Forexpros – Asian stock markets retreated on Tuesday, following a report showing China’s trade balance swung to an unexpected surplus last month, while shares in Japan erased gains after the Bank of Japan failed to provide fresh stimulus measures.

During late Asian trade, Hong Kong’s Hang Seng Index slumped 0.9%, Australia’s ASX/200 Index fell 0.65%, while Japan’s Nikkei 225 Index dipped 0.15%.

China’s trade balance swung to a surprise surplus of USD5.3 billion in March from a deficit of USD31.5 in the previous month, as import growth came in below expectations, official data showed earlier.

Economists had expected the trade deficit to narrow to USD1.3 billion in March.

The report said that exports rose by 8.9% in March from a year earlier, above expectations for a 7.0% increase but slowing significantly from export growth of 18.4% in the same month a year earlier.

Imports rose 5.3% from a year earlier, below expectations for a 9.0% increase and decelerating sharply from imports of 39.6% in March of last year.

Slowing imports suggest some exports slowdown in coming months as well as a domestic slowdown.

Market players have been searching for clues in regards to Chinese growth prospects amid fears the country is headed towards a ‘hard landing’.

A deeper slowdown in China, the world’s second biggest economy, would impair a global expansion that is already faltering because of the implementation of harsh austerity measures in Europe.

The Asian nation is set to release government data on the size of its economy on Friday. On Monday, official data showed that consumer price inflation in China accelerated by 3.6% in March, up from 3.2% in February and above expectations for a 3.3% increase.

The higher-than-expected reading dampened expectations Beijing will introduce fresh monetary easing measures in the near-term to prop up the world’s second largest economy.

Shares in Hong Kong and Australia were already under pressure as the market reopened following a four-day holiday, during which the U.S. reported slower jobs growth and China’s inflation accelerated.

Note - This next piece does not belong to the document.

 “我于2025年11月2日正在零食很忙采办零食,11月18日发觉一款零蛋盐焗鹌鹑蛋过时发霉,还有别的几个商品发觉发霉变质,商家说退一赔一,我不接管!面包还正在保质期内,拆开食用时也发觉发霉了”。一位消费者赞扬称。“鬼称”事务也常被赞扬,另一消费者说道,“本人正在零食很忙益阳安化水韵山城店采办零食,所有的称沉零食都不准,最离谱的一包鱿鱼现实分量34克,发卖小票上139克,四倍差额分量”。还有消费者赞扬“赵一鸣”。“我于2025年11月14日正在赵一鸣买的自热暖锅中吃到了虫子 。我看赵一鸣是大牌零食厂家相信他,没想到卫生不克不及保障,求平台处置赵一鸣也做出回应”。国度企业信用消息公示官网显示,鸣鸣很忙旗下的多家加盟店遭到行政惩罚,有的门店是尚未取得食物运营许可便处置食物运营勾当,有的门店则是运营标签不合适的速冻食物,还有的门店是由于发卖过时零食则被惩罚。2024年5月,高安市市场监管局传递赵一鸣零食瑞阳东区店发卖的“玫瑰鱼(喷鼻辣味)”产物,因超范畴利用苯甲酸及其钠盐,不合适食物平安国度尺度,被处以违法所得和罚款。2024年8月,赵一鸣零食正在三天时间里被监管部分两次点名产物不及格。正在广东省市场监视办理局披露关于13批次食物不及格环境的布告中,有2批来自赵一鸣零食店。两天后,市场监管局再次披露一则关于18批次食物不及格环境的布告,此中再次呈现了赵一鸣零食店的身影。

Weakness in financial sector stocks weighed on both benchmarks, while Hong Kong property developers also contributed to losses on the Hang Seng.

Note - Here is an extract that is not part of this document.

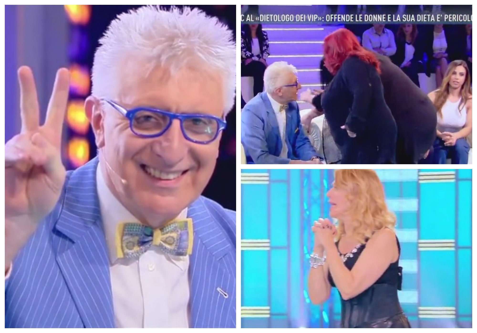 Panico negli studi di “Domenica Live”. Durante l’ennesimo dibattito sui metodi di dimagrimento proposti dal farmacista-bioscultore Alberico Lemme, sono volati ceffoni e offese. Il dietologo dei vip è stato schiaffeggiato dalla madre di una ragazza di 190 chili, tale Concetta, seduta tra il pubblico. “Lei non si deve permettere di chiamare cicciona mia figlia! Lei non sa cosa ha passato!”, ha urlato la donna prima di colpirlo. La prima ad avvicinarsi a Lemme è stata proprio Concetta. “Se lei vuole vedere come picchia una cicciona….”, ha detto minacciando il dietologo. Ma a passare ai fatti è stata per l’appunto la madre che nel frattempo l’aveva raggiunta. Inutili i tentativi di Barbara D’Urso di bloccare la donna. Mentre la madre “puniva” il “dottore” per le offese, Concetta si è allontanava gridando “Buffone di m****”. Il dietologo non ha perso l’aplomb e ha replicato: “Queste sono le donne! Sono le dimostrazioni delle teste di donne!”.

Elsewhere, in Japan, the Nikkei turned lower after the Bank of Japan unanimously decided to keep its benchmark interest rate unchanged and made no changes to its asset-purchase program.

The yen, which strengthened slightly on the announcement, gave a lift to exporters, with automakers Toyota and Honda up 1.5% and 0.6% respectively.

On the downside, Sharp tumbled 4.3% after a Nikkei report said the electronics maker was expected to post a bigger net loss for the 2011 fiscal year than previously projected, hurt by poor sales of televisions and solar cells.

The Nikkei rallied more than 19% in the first three months of the year, buoyed in large part by an unexpected easing announcement by the BoJ in February, but the index has fallen nearly 6% since the start of April.

Looking ahead, European stock markets were set to open sharply lower, as markets return from a four-day holiday.

The EURO STOXX 50 futures pointed to a loss of 1.25%, France’s CAC 40 futures dropped 1.45%, London’s FTSE 100 futures retreated 0.85%, while Germany’s DAX futures pointed to a drop of 1.15% at the open.

Later in the day, the euro zone was to publish data on investor confidence while France was to release official data on industrial production.